Cydan is a collaborative team of scientists and entrepreneurs experienced in orphan drug development.
Cydan is the first orphan drug accelerator dedicated to advancing therapies that improve the lives of patients with rare genetic diseases. We are doing this because there are more than 7,000 rare diseases, with approximately 400 approved treatments. That’s not good enough.
We are a collaborative team of scientists and entrepreneurs with comprehensive expertise in drug and business development. We conceived of Cydan in 2012 and launched the company in 2013, assembling a team of drug hunters with extensive drug discovery, clinical development and business development experience. In early 2015, we launched our first new company – Vtesse – which is developing drugs for Niemann-Pick Disease Type C (NPC) and other rare, severe diseases with great unmet need. One year after launching Vtesse, we created Imara to develop IMR-687, a novel treatment for people living with sickle cell disease. In 2018 and 2019, we anticipate launching several more new companies.

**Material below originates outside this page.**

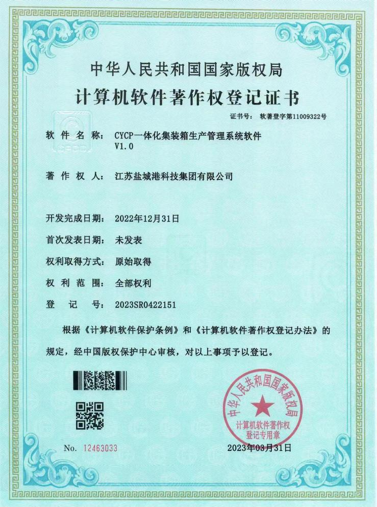 近日,盐城港首个生产管理系统软件“CYCP一体化集装箱生产管理系统软件v1.0”,顺利通过中国版权保护中心审查,正式获得了由国家版权局颁发的软件著作权登记证书。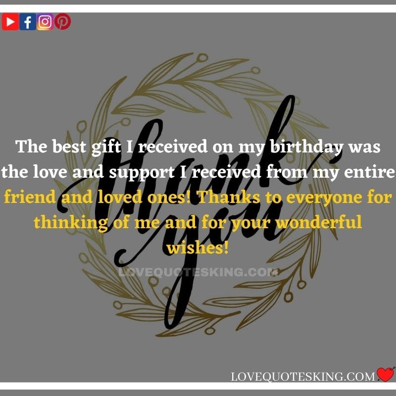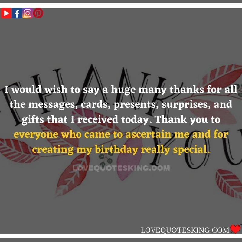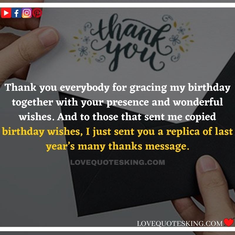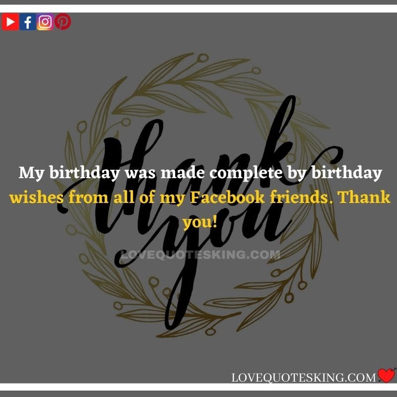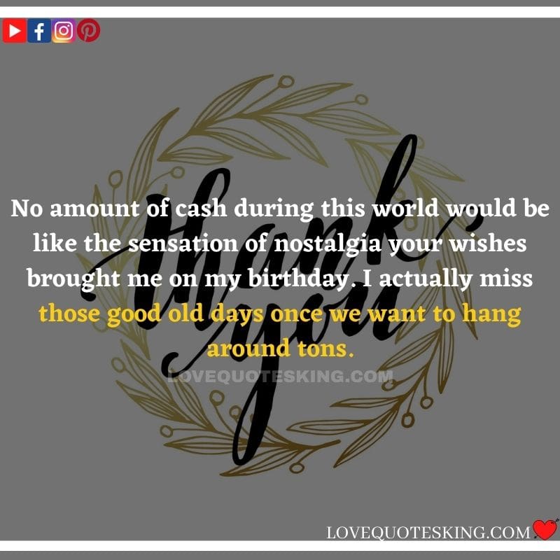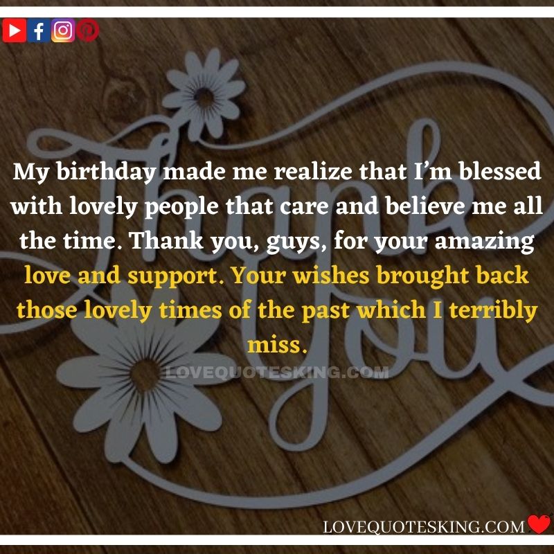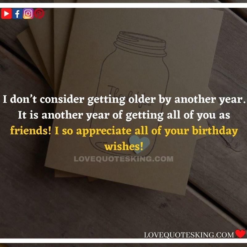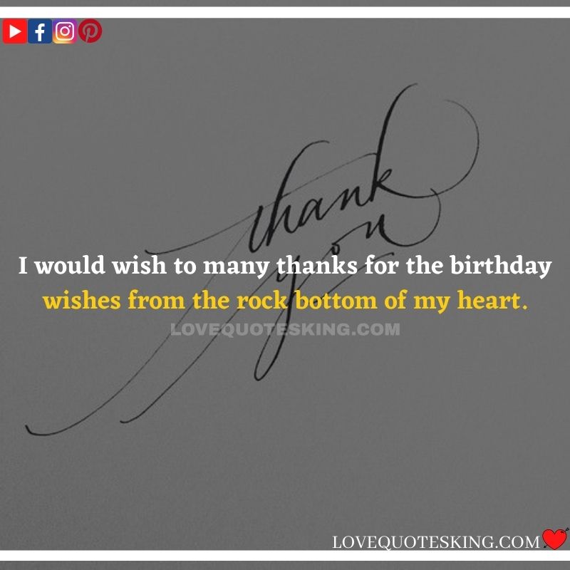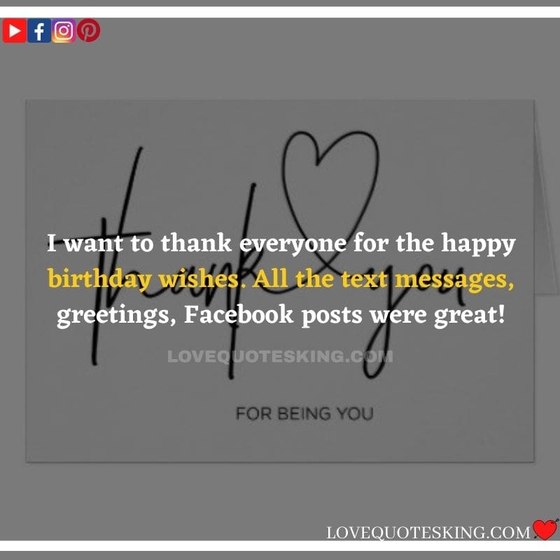 Best ②⓪⓪ Thank you quotes for birthday wishes When your birthday comes around, there’s almost nothing as fun as getting wishes, messages, and texts from friends everywhere on the planet. Thanks to Facebook, Twitter, and texting, we hear from almost everybody we all know and care about! It makes birthdays special and exciting Thank You Messages for Birthdays. We might hear from a long-lost friend!

Cydan starts with a compelling scientific idea or promising drug candidate from collaborators in academia and industry, and then efficiently advances therapies through pre-clinical R&D to enable the establishment of an independent company to accelerate such therapy through clinical, regulatory and commercial development and ultimately to patients.
Cydan’s experience creating new companies and access to capital is a key advantage. We are financed by leading life sciences investors, New Enterprise Associates, Pfizer Venture Investments, Lundbeckfond Ventures, Longitude Capital and Alexandria Venture Investments.
The Cydan accelerator is based in Technology Square in Cambridge, MA.